We then continue and repeat the procedure for the four interior points, always using the latest values of potential. As the number of iterations increase, the interior potential values approach the correct solutions. Table 4-2 shows the first ten iterations and should be compared to the exact solution to four decimal places, obtained by superposition of the rectangular harmonic solution in Section 4-2-5 (see problem 4-4):

\[V(x,y) = \sum_{n=1 \\ n \textrm{ odd}} ^{\infty} \frac{4}{n \pi \sinh n \pi} \bigg[ \sin \frac{n \pi y }{d} \bigg(V_{3} \sinh \frac{n \pi x}{d} - V_{1} \sinh \frac{n \pi(x-d)}{d} \bigg) \\ + \sin \frac{n \pi x}{d} \bigg(V_{2} \sinh \frac{n \pi y}{d} - V_{4} \sinh \frac{n \pi (y-d)}{d} \bigg) \bigg] \]

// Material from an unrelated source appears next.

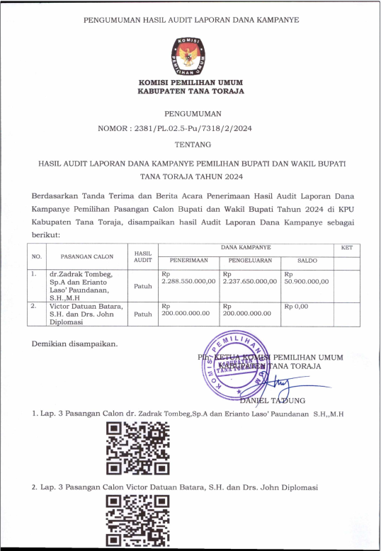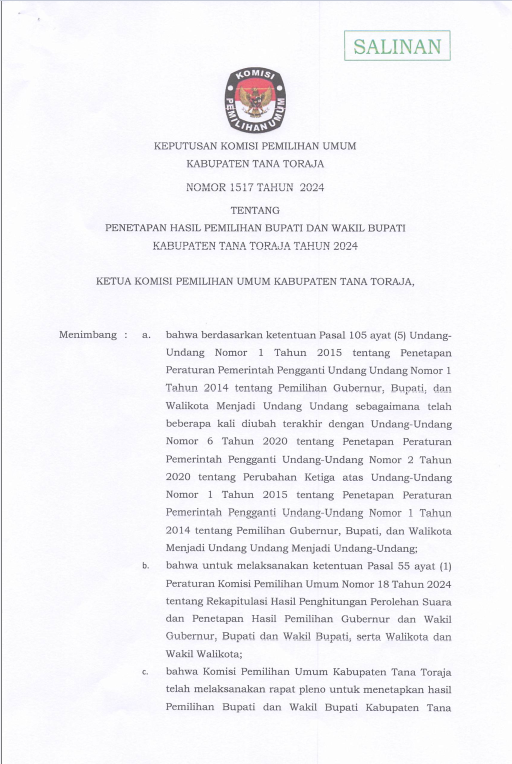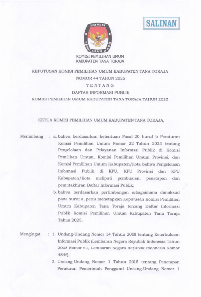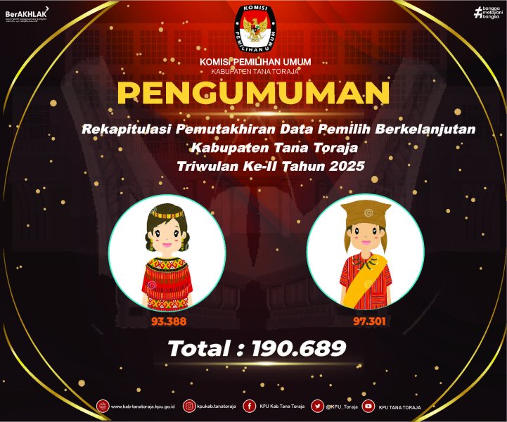 Keputusan Komisi Pemilihan Umum Kabupaten Tana Toraja Nomor 46 Tahun 2025 tentang Penetapan Rekapitulasi Pemutakhiran Daftar Pemilih Berkelanjutan (PDPB) tingkat Kabupaten Tana Toraja Triwulan III Tahun 2025.
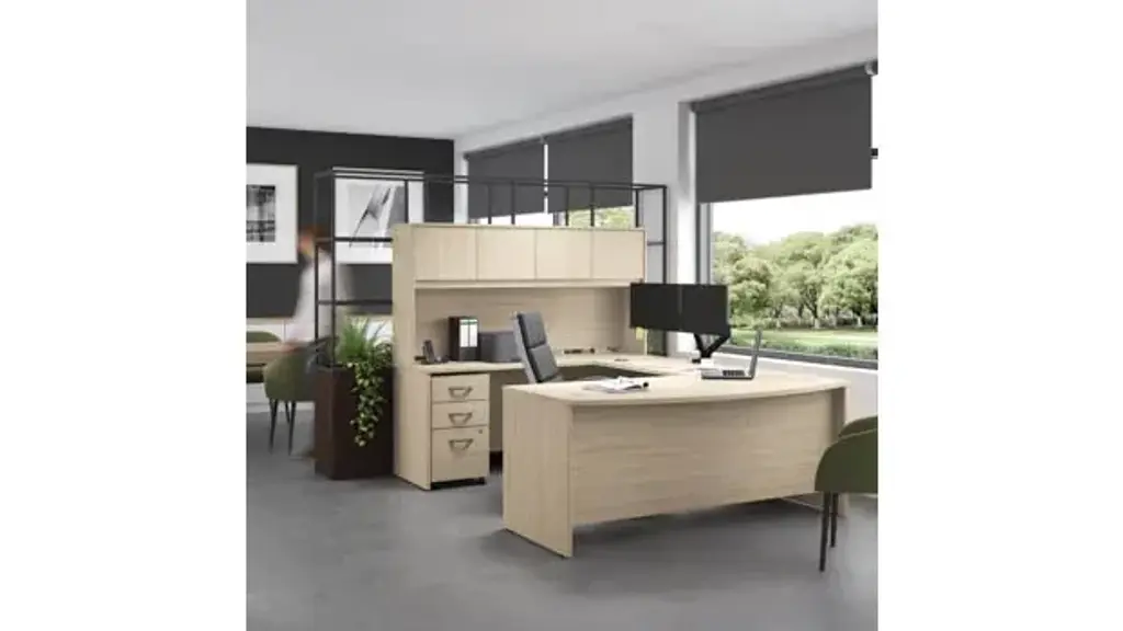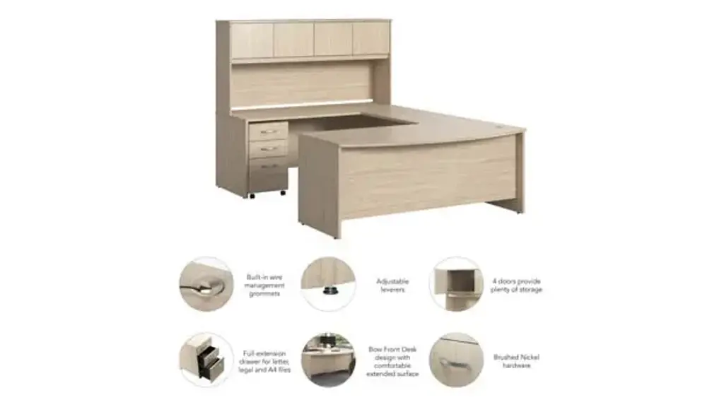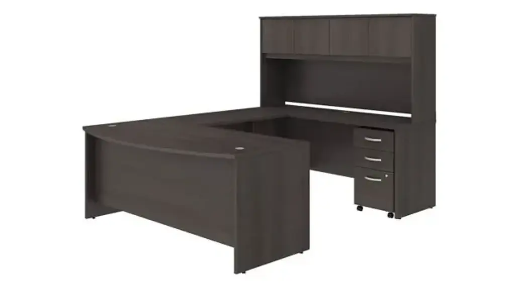 This Desk is Reversible Give your office the workspace you need and the style you deserve with this Bush Business Furniture Studio C U-Shaped Desk with Hutch and Assembled Mobile File Cabinet. The extended surface of the 72" W x 36" Bow Front Desk offers guests a rounded front to pull up a chair and collaborate, while the expansive U-shaped configuration has all the room you could ever want to spread out and multitask. With a thermally fused laminate finish, this office set stands up to years of everyday use. Keep pesky computer cords out of your way with a cable management system for a neat work surface. With 4 doors featuring self-closing Euro-style hinges, the Hutch conveniently stores office supplies, books and more. The 3 Drawer Mobile File Cabinet rolls with you throughout your office or remains in place as needed on any surface. The popular, classic office furniture design receives a contemporary update with trendy finish options to fit seamlessly in a private office or as part of a larger environment. Meets ANSI/BIFMA quality test standards for performance and safety. American made with U.S. and imported parts. Overall Dimensions: 71.02" W x 100.43" D x 65.84" H. Ships ready for easy assembly, File Cabinet ships fully assembled.

where V₁, V₂, V₃ and V₄ are the boundary potentials that for this case are

\[V_{1} = 1, \: \: \: V_{2} = 2, \: \: \: V_{3}=3, \: \: \: V_{4} = 4 \]

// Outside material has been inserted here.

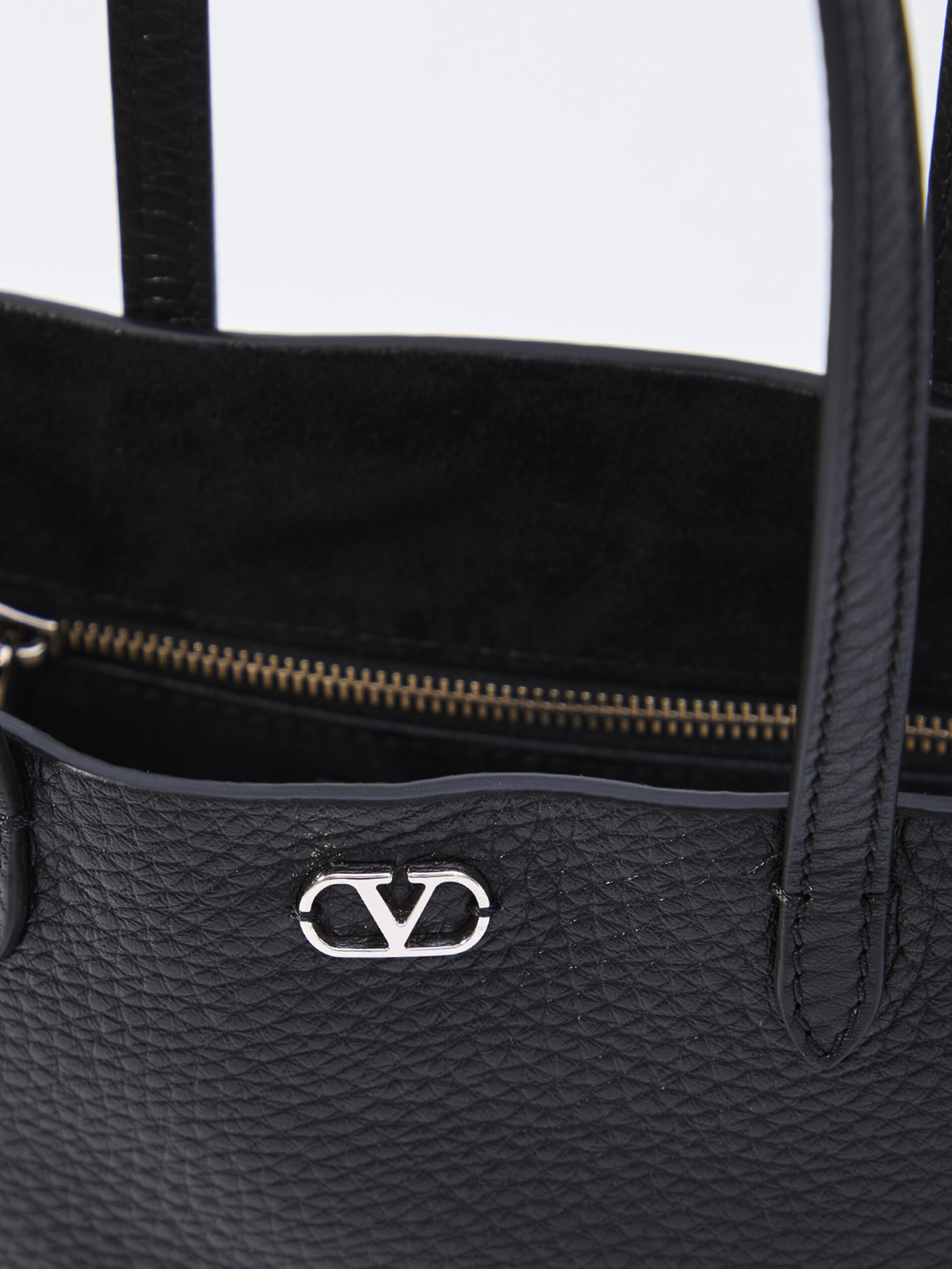 Black grained calf leather bag. Features two fixed top handles, spherical stud and rivet detailing along the sides, metal VLogo, and one main compartment with an internal zip pocket. Suede lining. Dust bag included. Any natural imperfections in the leather are not considered manufacturing defects but a unique characteristic of the material.

To four decimal places the numerical solutions remain unchanged for further iterations past ten.

Table 4-2 Potential values for the four interior points in Figure 4-15 obtained by successive relaxation for the first ten iterations

	1	2	3	4	5	6	7	8	9	10	Exact
V₁	1.2500	2.1260	2.3777	2.4670	2.4911	2.4975	2.4993	2.4998	2.4999	2.5000	2.5000
V₂	1.0625	1.6604	1.9133	1.9770	1.9935	1.9982	1.9995	1.9999	2.0000	2.0000	1.9771
V₃	1.5156	2.2755	2.4409	2.4829	2.4952	2.4987	2.4996	2.4999	2.5000	2.5000	2.5000
V₄	2.4414	2.8504	2.9546	2.9875	2.9966	2.9991	2.9997	2.9999	3.0000	3.0000	3.0229

The results are surprisingly good considering the coarse grid of only four interior points. This relaxation procedure can be used for any values of boundary potentials, for any number of interior grid points, and can be applied to other boundary shapes. The more points used, the greater the accuracy. The method is easily implemented as a computer algorithm to do the repetitive operations.